Re: Suggestion: provide a "TRUNCATE PARTITION" command

Michael Lewis <mlewis@xxxxxxxxxxx> · Fri, 8 Jan 2021 09:47:19 -0700

On Fri, Jan 8, 2021 at 9:38 AM Thomas Kellerer <shammat@xxxxxxx> wrote:
Michael Lewis schrieb am 08.01.2021 um 16:32:

> On Fri, Jan 8, 2021 at 2:36 AM Thomas Kellerer <shammat@xxxxxxx <mailto:shammat@xxxxxxx>> wrote:

>

>     Hello,

>

>     I wonder if it made sense to add a "TRUNCATE PARTITION" command to Postgres?

>

>     Especially during bulk loads it's more efficient to TRUNCATE a partition if I know I want to replace all rows, rather than doing a DELETE.

>

>     Currently this requires dynamic SQL which isn't always feasible (and might get complicated quickly).

>

>     So I was thinking that a new command to allow truncating partitions by identifying the partitions by "value" rather by name might be helpful in that case.

>

>     Something along the lines of:

>

>           truncate partitions of base_table

>           for values in (...);

>

>     If the IN part allowed for sub-queries then this could be used to gather the partition keys from e.g. a staging table.

>

>

> For me, it seems too easily error prone such that a single typo in

> the IN clause may result in an entire partition being removed that

> wasn't supposed to be targeted.

I don't see how this is more dangerous then:

     delete from base_table

     where partition_key in (...);

which would serve the same purpose, albeit less efficient.
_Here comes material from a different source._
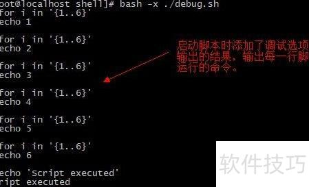 8、 启动脚本时可加入调试参数以进行调试。例如,调试debug.sh文件时,可执行命令:bash -x ./debug.sh 或 sh -x ./debug.sh,从而开启调试模式,逐行显示脚本执行过程,便于排查问题。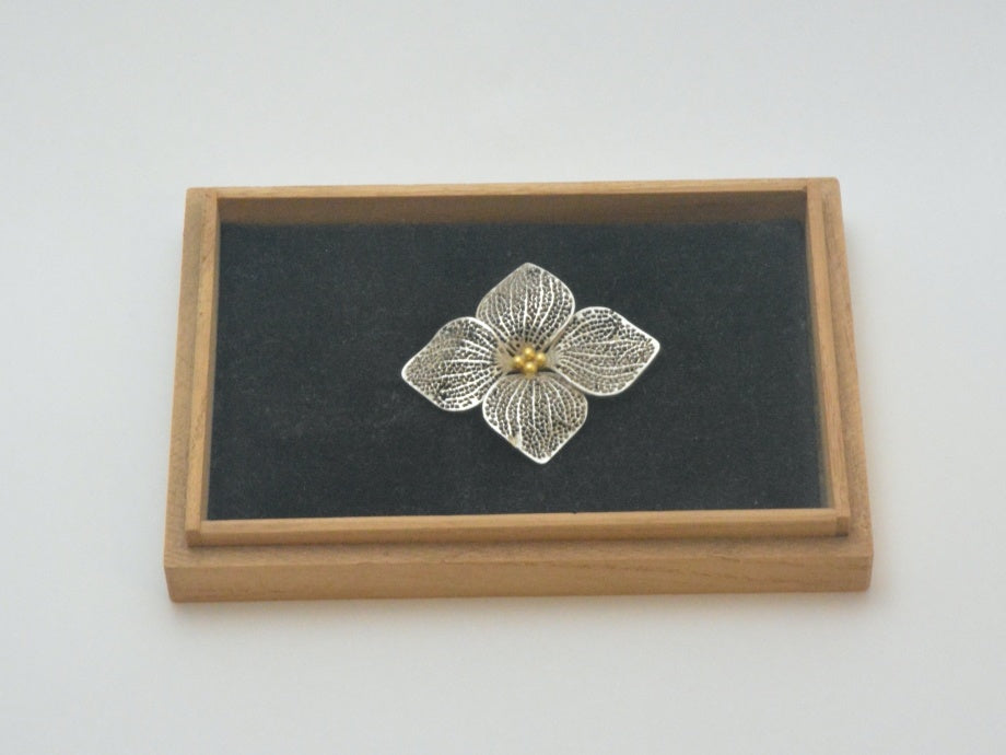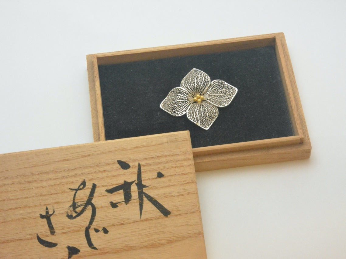 秋の終わりに、葉脈だけを残して姿をとどめるガクアジサイの姿にインスパイアされて製作した作品。板を切り抜き、1枚ずつガクのフォルムを形作り、透かし模様を施したものを接合させて原版を作成。精密鋳造で繊細なデザインを再現しています。真ん中には4つの純金の丸玉を使い、つぼみのような花びらを表現しています。フォーマルやエレガントな装いに似合います。バッグやマフラーにもおススメです。

Delete has a rollback option, and you can dry-run to see impacted rows effectively. Truncate does not.

With delete, you are being more explicit about which rows match and need removal. By looking at the command, you know exactly what is expected to happen. With the request to find partitions based on values, you may be impacting MUCH more data than you meant to. If you think you have monthly range partitions and actually have year partitions, the truncate could be a disaster with removing more data than you intended.

It just seems like a foot gun to me, and not one that is particularly needed since the same result can be achieved easily in two steps. One to generate to explicit commands that will be run, and one to run them.